El escenario estaba tranquilo, hasta el viento que hacía pocos minutos soplaba con intensidad se había parado de repente. Varios grupos de soldados descansaban mientras tomaban algunas provisiones.


El paisaje estaba silencioso. El cielo ya se iba tornando púrpura debido al crepúsculo. El lánguido sol anaranjado comenzaba a retirarse lentamente y sus rayos se reflejaban en la arena. Una arena fina, que durante el esplendor del día era de color amarillo dorado, y ahora adquiría esa tonalidad naranja-rojiza tan propia de la  caída de la tarde.  

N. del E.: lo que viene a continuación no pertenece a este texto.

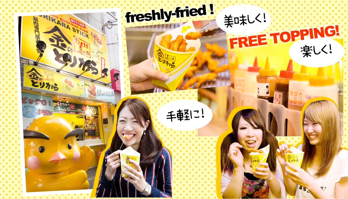 ถ้าพูดถึงสตรีทฟู้ดของญี่ปุ่น ต้องมีไก่ทอดสีเหลือง ยี่ห้อ Kin no Torikara 金のとりから ลูกเจี๊ยบ สุดแซ่บส์ ติดโผอย่างแน่นอน เนื้ออกไก่ หั่นเป็นชิ้นพอดีคำ ทอดใหม่ๆ สดๆ ร้อนๆ ชุปแป้งทอด กรุบกรอบ ทานอร่อย แบบหยุดไม่ได้ ทั้งหมดนี้ ไม่ได้โม้ รับรองว่า ได้ชิมละ จะติดใจไม่มีวันลืม
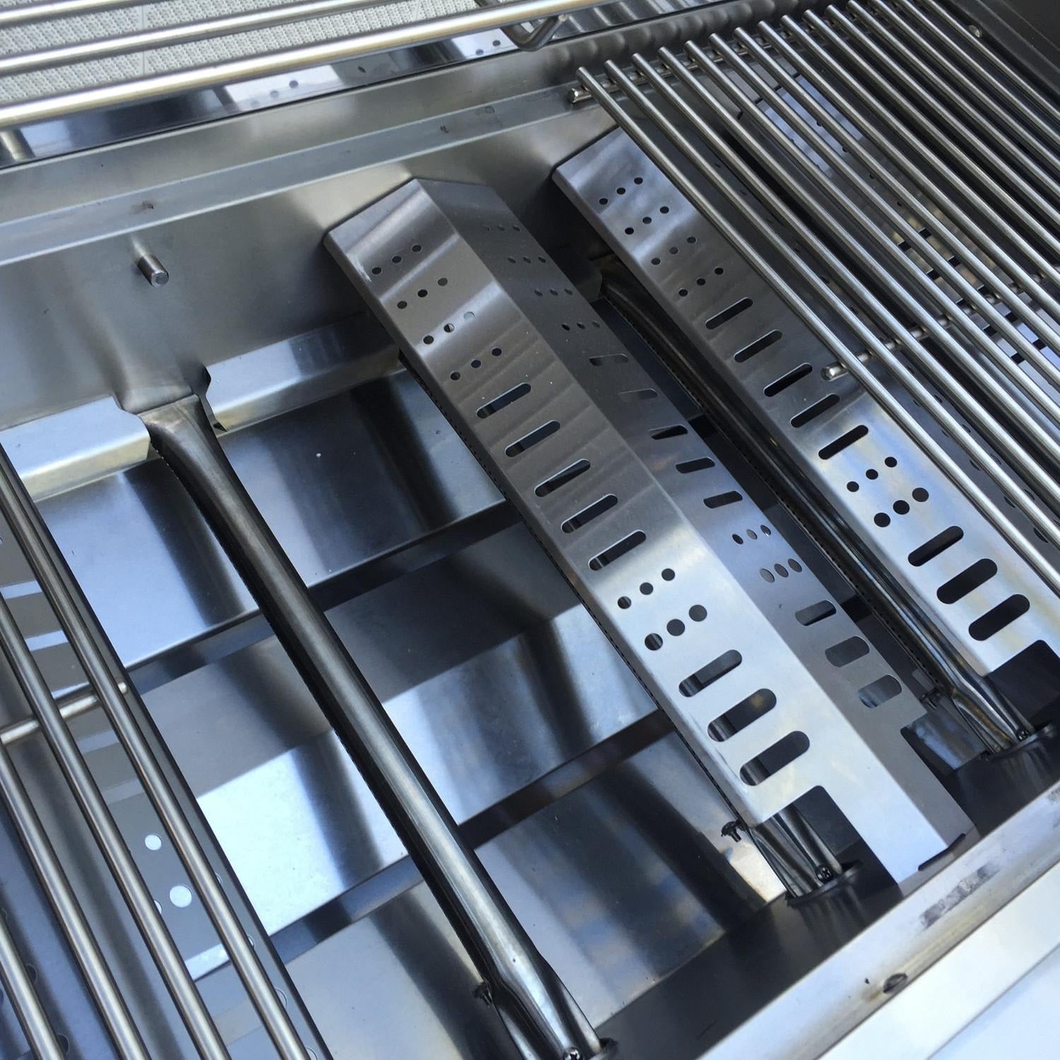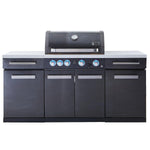 The Mont Alpi 957 5-burner Island gas grill is a prefabricated black stainless steel and black powder coated steel gas grill with modern white ganite topped side cabinets. It has a large 4 burner (63,000 BTU) grill with additional infrared rear burner. It comes fitted with halogen lights in the cooking zone to make grilling in the dark a lot easier. The knobs are fitted with on/off color changing LED lights. It has 8mm 304 stainless steel rod cooking grates and 304 heavy duty tubular high-efficiency burners. With very little assembly, you will be grilling in no time. The caster wheels allow it to be moved around. A heavy duty electric rotisserie kit and all weather heavy duty cover are all included. The grill also has large cabinets to store all your grill accessories and to hold a propane tank. The grill can run on natural gas with a small 15 min conversion that anyone can do and it will not cost you extra money. All you will need is a natural gas hose to connect to.
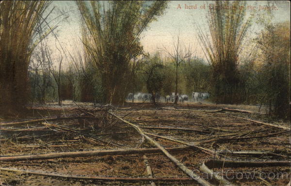 Front: A herd of the Jungle. Back: Publishers: Wiele & Klein, Madras. This space may be used for printed or written matter. 3 pies ABROAD 1 anna

Nada hacía sospechar que apenas unas horas antes se había producido una de las más sangrientas batallas. Una de esas batallas que cambian el rumbo de la humanidad. En el exterior de una de las tiendas del campamento, la más grande, dos legionarios se apostaban a cada lado de la entrada como si fueran dos estatuas vivas. Sus músculos tensos, sus rostros serios, sus ojos que ni pestañeaban, contrastaban con la alegría y el relajo del resto de sus compañeros. Y es que ambos sabían que la misión que les habían encomendado era delicada, tenían que custodiar al prisionero. Nadie, a excepción de su general, podía penetrar allí sin autorización.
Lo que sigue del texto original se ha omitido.